RIORI Vol 3, Installment 83: Jason Reitman’s “Thank You For Smoking” (2005)



The Players…

Aaron Eckhard and Cameron Bright, with Maria Bello, David Koechner, Adam Brody, Sam Elliot, JK Simmons, Rob Lowe and Robert Duvall.


The Story…

In the competitive market of the tobacco industry, it’s good to have an “in” into the public mind to best promote cancer, heart disease, emphysema and a stinky wardrobe. That’s where guys like lobbyist Nick Naylor steps in.

He’s a shill for cigarettes and a single dad. He has scruples when it comes to rearing his bright son, but when Big Tobacco calls, he’s their sleazy, immoral mouthpiece.
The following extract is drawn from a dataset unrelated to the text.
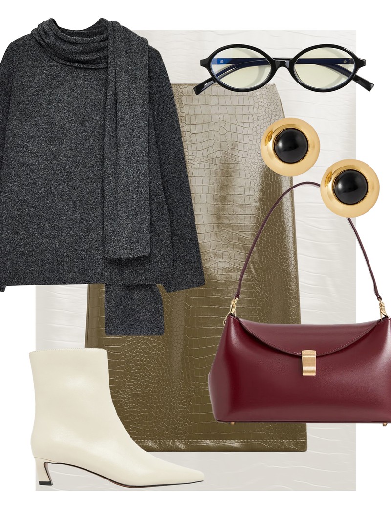 A scarf-detail knit is another must-have this season. Add white boots for a fashion-forward touch and finish with a colour-pop bag.

So when the assignment of his career invites getting a very high profile for his efforts how can he convince his son his work is worthy?

Check that. Convince? Try con rather.

Smoke ’em if you got ’em?


The Rant…

Okay. Confession time. Again.

I am a smoker. Twenty years gone. I’m not proud of it but I won’t deny it either. Like the late, great Bill Hicks said, “I’ll smoke. I’ll get the cancer. I’ll die. Deal? Thank you, America.”

The fact that Hicks passed away from pancreatic cancer gives me pause. And some teensy bit of black hope. Denial is more than just a river in Africa.

My ugly habit emerged in my senior year of college. I was studying to become a secondary ed English teacher. Middle and high school students. It was a stress ball of the first degree, the curriculum, the course load. In addition to maintaining steady attendance of my regular classes, I had to shoehorn some time in the morning three hours a day, five days a week as student teacher at the nearest middle school. Those pre-pubers were a handful and a half. Never realized how short we all we back then. And mouthy. And at the dawn of the ‘rents blaming little Johnny and Janie for their sh*tty test scores on Teach being ineffectual whilst ignoring the thumb-worn PlayStation controllers and mouldering library cards. Ah, Millenials. Here’s the world you wrought on the public educational system.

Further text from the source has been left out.